Num dia ensolarado de terça-feira saí com meus dois filhos e fui buscar o papai, que acabara de entrevistar um jogador de futebol. Ligo o pisca alerta atrás do ônibus do time e lá vem o esposo correndo para entrar no carro. Meia quadra depois saltou um pensamento do esposo e ele disse:
– Esqueci o celular!!
– Vamos voltar?
– Não. Vamos deixar os meninos na escola enquanto tento ligar para alguém pegar o celular para mim.
Na minha mente, que já estava bem movimentada devido a outros compromissos, surgiu também a preocupação de perder as fotos que estavam no celular.
Deixamos os meninos no colégio, voltamos para procurar o aparelho no hotel e eu estava dirigindo devagar, com o pisca ligado, para achar lugar para estacionar quando de repente:
-Biiiiiii!!!!!Biiiii!!!!! Tá Dormindo!!!!!!
Neste momento foi pensamento correndo para tudo que era lado. Veio a reação mal contida, uma vontade de verbalizar toda a minha indignação, que não foi lançada aos olhos e ouvidos do outro motorista, mas que estava estampada em minha face.
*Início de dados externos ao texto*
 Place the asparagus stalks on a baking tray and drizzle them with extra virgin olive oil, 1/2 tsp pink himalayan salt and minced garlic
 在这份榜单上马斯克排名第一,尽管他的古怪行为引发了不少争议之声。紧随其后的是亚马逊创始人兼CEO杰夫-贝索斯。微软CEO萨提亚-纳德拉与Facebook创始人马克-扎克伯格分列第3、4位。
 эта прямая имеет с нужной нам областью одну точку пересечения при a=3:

Segurei um gesto que estava quase saindo.
Naquele momento recordei da virtude temperança. Realizando um esforço interno, deixei tudo armazenado na minha mente para ser organizado depois. O que ficou daquele momento é que no restante do dia teria que ficar mais atenta aos meus pensamentos e menos suscetível aos pensamentos alheios. Estudando um trecho do livro Mecanismo da Vida Consciente, de Carlos Bernardo González Pecotche, deparei-me com este ensinamento:
Em seu afã de ser estrita ao julgar, a razão frequentemente esquece que aquilo que ela julga deve ser primeiro relacionado com as próprias e similares circunstâncias. Colocada nessa condição, a tolerância surge instantaneamente, e o juízo é elaborado com equanimidade. (…)atuando sobre a razão, para que ela deixe de ser fria e, tomando o calor fertilizante que emana dos raios da lógica, se manifeste em juízos comedidos, isentos de passionalismo, atenuados pela temperança e pelo senso de justiça.
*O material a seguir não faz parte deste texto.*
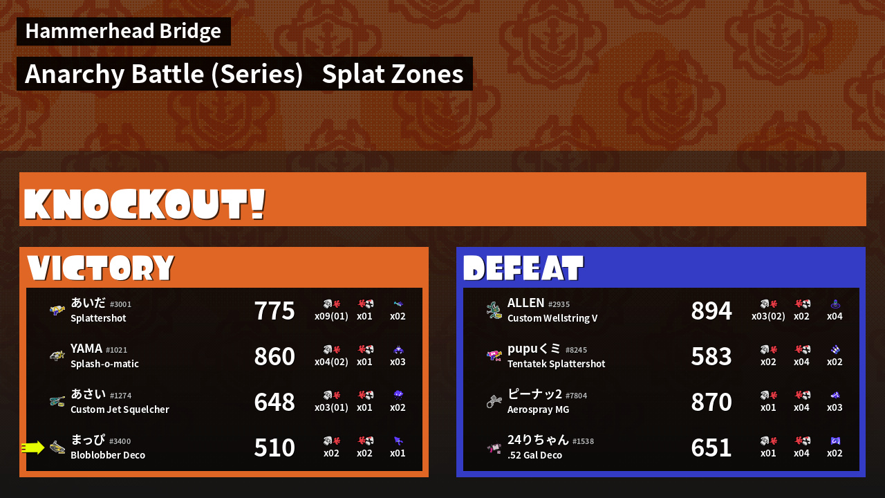 | Mode | Splat Zones - Anarchy Battle (Series) |

O que ficou desta vivência é que o pensar e o sentir devem servir de base para a razão, que desta forma deixa de ser fria e egoísta. Não subestimar a irritabilidade e cultivar a temperança é a maneira de manter a vida em equilíbrio, buscar estar consciente e não alimentar o egoísmo. Não alimentar os pensamentos de índole violenta como o da intolerância, seja ela própria ou alheia. Lembrei que o pensamento da impaciência já havia passado na minha mente em outras ocasiões.
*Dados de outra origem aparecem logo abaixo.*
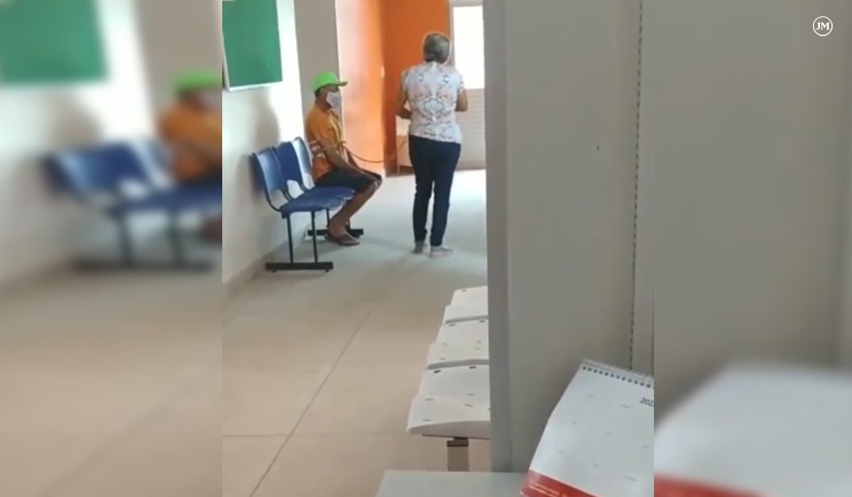 Una mujer sujeta con una soga a un hombre, que espera sentado en un centro de vacunación. Esa es la imagen que se ve con claridad en un video difundido en redes sociales que, según trascendió, corresponde a una mujer de Rio Largo, en el noreste de Brasil, quien llevó a su pareja a que reciba la vacuna contra el Covid-19.

Na manhã seguinte, quando a colaboradora ligou avisando que estava doente, todo o meu planejamento teve que sofrer adaptações. Mas as reflexões feitas no dia anterior foram importantes para viver essa nova situação de forma mais serena.
Rapidamente, reorganizei o meu dia e consegui cumprir com os compromissos assumidos.
Não fosse todo esse movimento gerado pelas situações vividas no dia anterior e pelo ensinamento estudado, certamente ficaria de mau humor e perderia tempo pensando que não poderia executar o que havia planejado.
A temperança é como fabricar vidro, cujo processo necessita mudanças de temperatura para torná-lo resistente. É preciso cultivar a consciência, o estudo e a disciplina. As Leis Universais, que regem o destino do ser humano, tratam de mudar a temperatura para nos tornar mais resistentes.
Já sofri por não me adaptar aos percalços da vida sejam eles grandes ou pequenos. Aprendi que sempre tenho escolha. Entre sofrer estagnada e me adaptar, prefiro batalhar para me adaptar e aprender sempre.